It’s been a difficult time for my family. My daughter is scheduled for ear surgery. She has a cyst in her ear that needs to be removed. My son had a tube removed yesterday, and an ABR. An ABR is a hearing test that they were able to do while he was asleep. My autistic son had one done when he was younger, and it showed a slight hearing loss in his right ear.
This time, the test showed that and a moderate to severe hearing loss in his left ear. The doctor also found an obstruction in his eardrum. She doesn’t know what it is. It could just be a cyst, or it could be something else. We have to schedule a scan to find out. Because my son won’t be able to sit through a scan, he’ll have to be asleep for it.
I am scared. I am holding it together, for my kids. I am handling this as best as I can. I have to be strong for my son. I am worried about him. He has had such a hard time of it, and I hate that he is going through this. I can tell that he is in pain, and that breaks my heart. I wish I could make this easier for him.
We need to discuss getting a hearing aid for my son. I just don’t think that he would allow that. I don’t think that he would keep one in. He might, over time, get used to wearing one. If we end up getting one for him. I want to wait until the obstruction is diagnosed, and know for sure if the hearing loss is permanent. This is going to be a process. I will take it one day at a time.
There is some good news. My son is getting better with sign language. He has been learning and signing a new word each week. It’s great to be able to communicate with him in this manner. My daughter is learning the signs, too. I have a sign language book, and we have all been learning some basic signs.
Things are changing. Some good and some bad. Through it all, my family has stayed strong. We have supported each other, and are closer. Together, we can handle anything. The holidays are coming. I’m worried about Christmas this year. Each year, it’s a struggle to provide my children with what they want. Now that they are both getting older, their Christmas wish list gets more expensive. I’ve depended heavily on relatives to provide some of the items on their list. Right now, the only thing I want for Christmas is for both of my kids to be healthy.




Keep the sign language going and if possible, get writing, drawing and pictures (and computers) working as a means of communication. If that works well, then it’s ipod/android or tablet-phone time.
Please don’t go down the hearing aid track. They’re *VERY* uncomfortable and provide little (if any) benefit. You’ll also find that reduced hearing is actually a plus for people with autism as it cuts down on one of their biggest sensory issues.
Having started out with hearing aids and stopping after 10 years, then restarting (briefly) after another 20, I can tell you that the technology has gone backwards. They’re now far more expensive and far less useful than they ever were.

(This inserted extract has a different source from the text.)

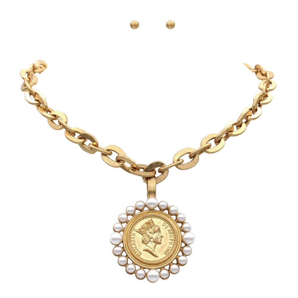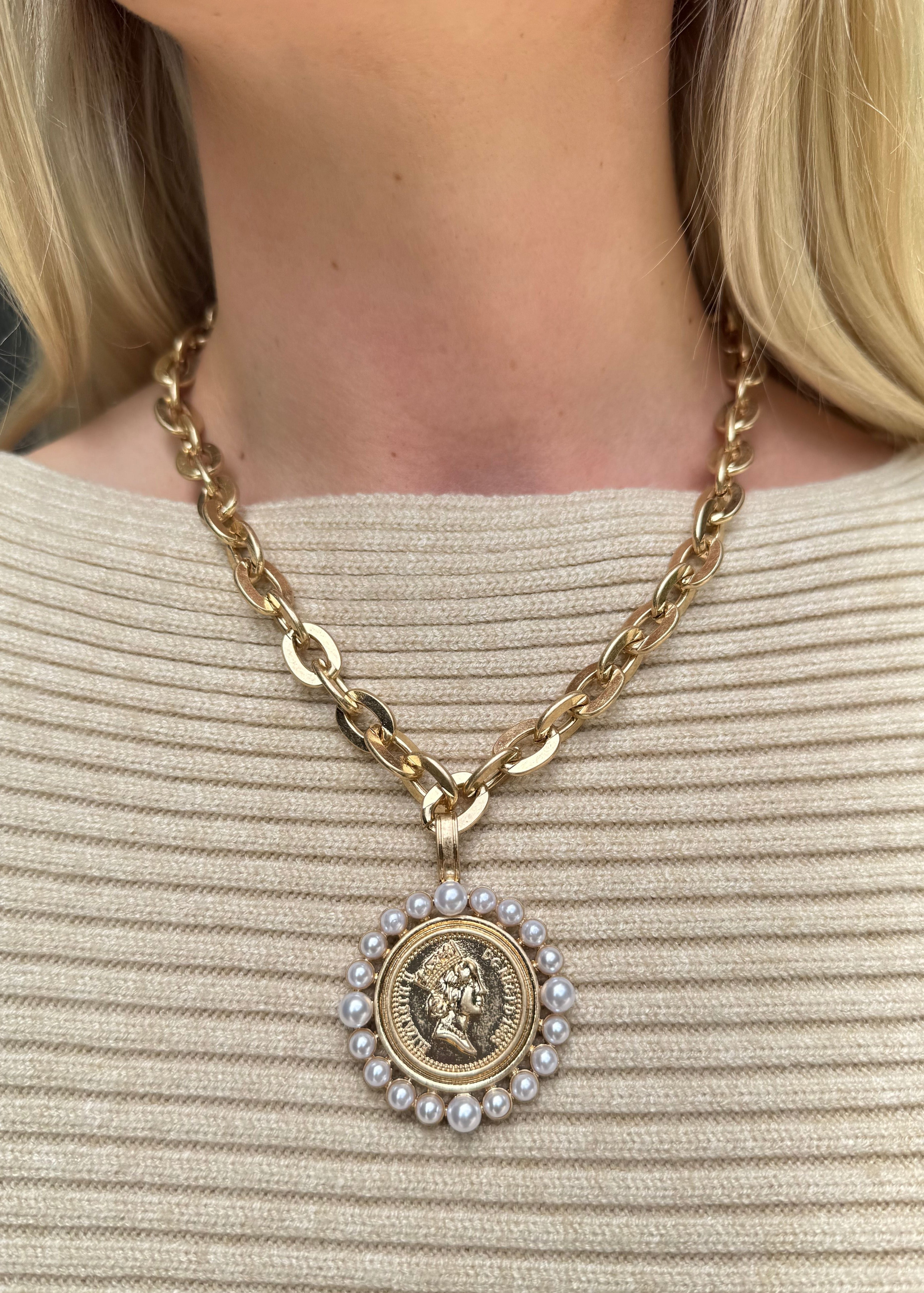 Elevate your elegance with the Stuart Pearl Beaded Medallion Pendant Necklace. Featuring a flat oval link chain adorned with lustrous pearls, this sophisticated piece offers timeless charm and refined style for any occasion.

I wouldn’t wish one on my worst enemy.
My thoughts are with you at this difficult time. I hope everything works out well.
Gavin.
Gavin Bollard recently posted..Book Review: "Ten Things Every Child with Autism Wishes You Knew" (Updated and Expanded Edition)
Thanks, Gavin. I really don’t want to do a hearing aid for my son. I think he would completely hate it, and would not wear it. He is still hearing us when we talk to him. The first time it was suggested that he get a hearing aid, we instantly decided not to. The slight hearing loss actually helped him. He has super sensitive ears. Now, I am just not sure how much he is hearing. But, I do know my son. He would not respond well to being introduced to a hearing aid. Right now, I’m more focused on finding out what the obstruction is. The doctor wants us to talk to someone about a hearing aid. I feel that it is a discussion that should wait. One step at a time. The obstruction might be causing the hearing loss, and it might be something that can be fixed. We won’t know until after the scan is done. Until I know exactly what is going on, there will be no discussion about a hearing aid. Why put my son through something that he might not need? Especially when I know we won’t be able to get him to wear one.